Зарежет, – решила я и мне стало невыносимо жаль себя. Я представила свое лицо со стороны – окровавленное, беззащитное, и всхлипнула многократно.

– Будешь отвечать, тварь?!

– Я рада, – удалось мне выдавить.

– Я не об этом! – он навис надо мной, блестя маленькими зубами. – Кто такой Молокан, спрашиваю? Почему о нем нет информации в справочном бюро?!. Где найденный тобой ящик?!.

– Музыкант, – пролепетала я, пуская носом розовые пузыри. – Вы ведь сами знаете, что в ящике саксофон…

Лицо сапера исказилось от ненависти. Он зашевелил ножичком и зашептал отчетливо:

– Сейчас я от тебя кусочки отрезать буду!

Владимир Викторович сбросил с меня одеяло и оглядел от макушки до пяток:

– Начну резать с мест, которых ты не чувствуешь! Мизинчик с правой ноги срежу. Знаешь, как грибки срезают под корешок? – Он улыбнулся. – С другой стороны, зачем тебе мизинец, да впрочем как и другие пальцы! Ходить ты не ходишь, а красотами твоих ног любоваться некому!

– Что вы хотите? – спросила я жалобно. – Не мучайте меня! Я ни в чем не виновата!

Моя слабость только раззадорила его. Сапер шлепнул мне на живот ладонь, затем высунул язык и пошевелил кончиком, как змея.

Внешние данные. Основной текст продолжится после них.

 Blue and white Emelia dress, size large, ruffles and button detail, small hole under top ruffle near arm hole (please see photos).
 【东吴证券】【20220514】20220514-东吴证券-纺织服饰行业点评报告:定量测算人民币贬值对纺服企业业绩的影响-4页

– Семя мое галактиками ценится, а ты его на грязный пол проливаешь! Энергия моя – энергия всех горящих звезд, а ты ее на ложь переводишь! – С красного языка капнула слюна. – Что в ящике, спрашиваю?!

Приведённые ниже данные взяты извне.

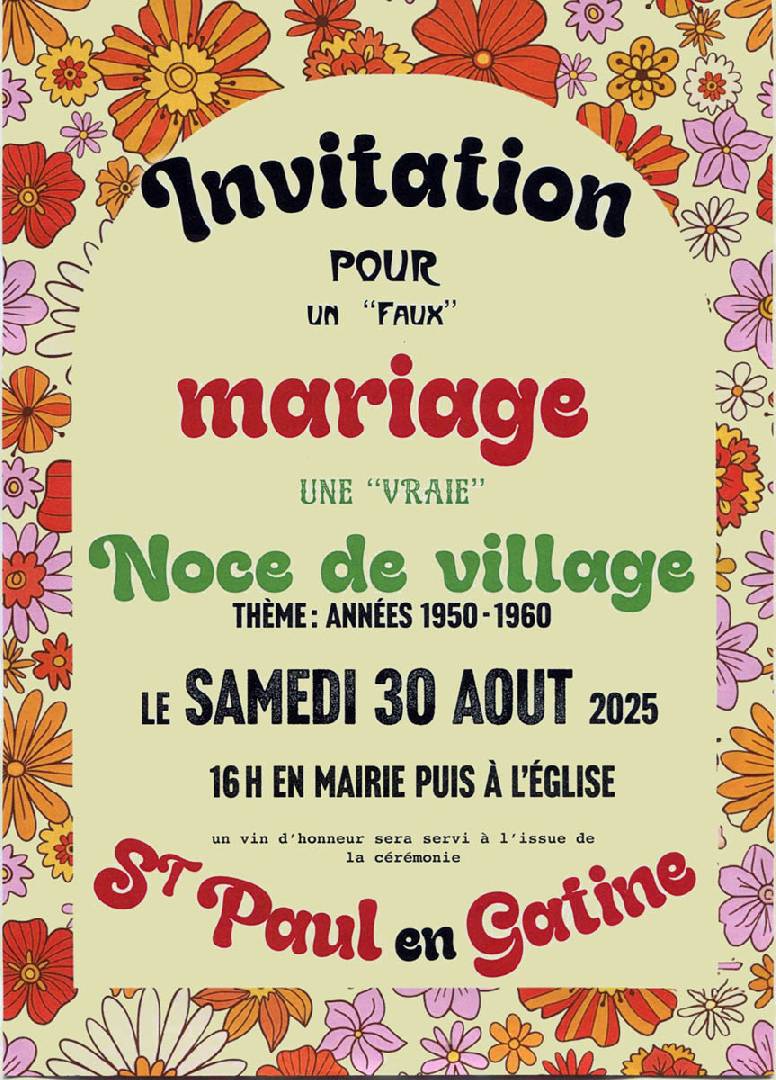 Noce de village - Saint Paul en Gâtine le samedi 30 août 2025 Faux mariage pour une vraie noce de village, façon 1950 - 1960 |

И тут спасительная мысль пришла мне в голову. Я прокашлялась и, набрав в легкие воздух, во все горло крикнула:

– Лучший Друг! Помоги мне! Лучший Друг!!!

Оставленная накануне на столе после хозяйственных дел рука сбросила полотенце и, перебирая пальцами, побежала по полу.

– Что такое? – вскинулся сапер, услышав за спиной дробный звук. – Ты кого зовешь, гадина?!

Но не успел он договорить последних слов, не успел выставить для защиты свой ножичек, посеребренный луной, как со спины, по ноге, к горлу его взбежала рука и вцепилась железными пальцами в самый кадык.

Владимир Викторович оторопел от неожиданности, хрюкнул от стального зажима на горле и выпучил во тьме глаза.

– Хххе-е-е-е… – захрипел он.

Я видела, как взбугрились на Лучшем Друге мускулы, как жестко мяли пальцы адамово яблоко на шее сапера, лицо которого с каждой секундой наливалось синевой, а душа, казалось, вот-вот готова вырваться из вишневого рта.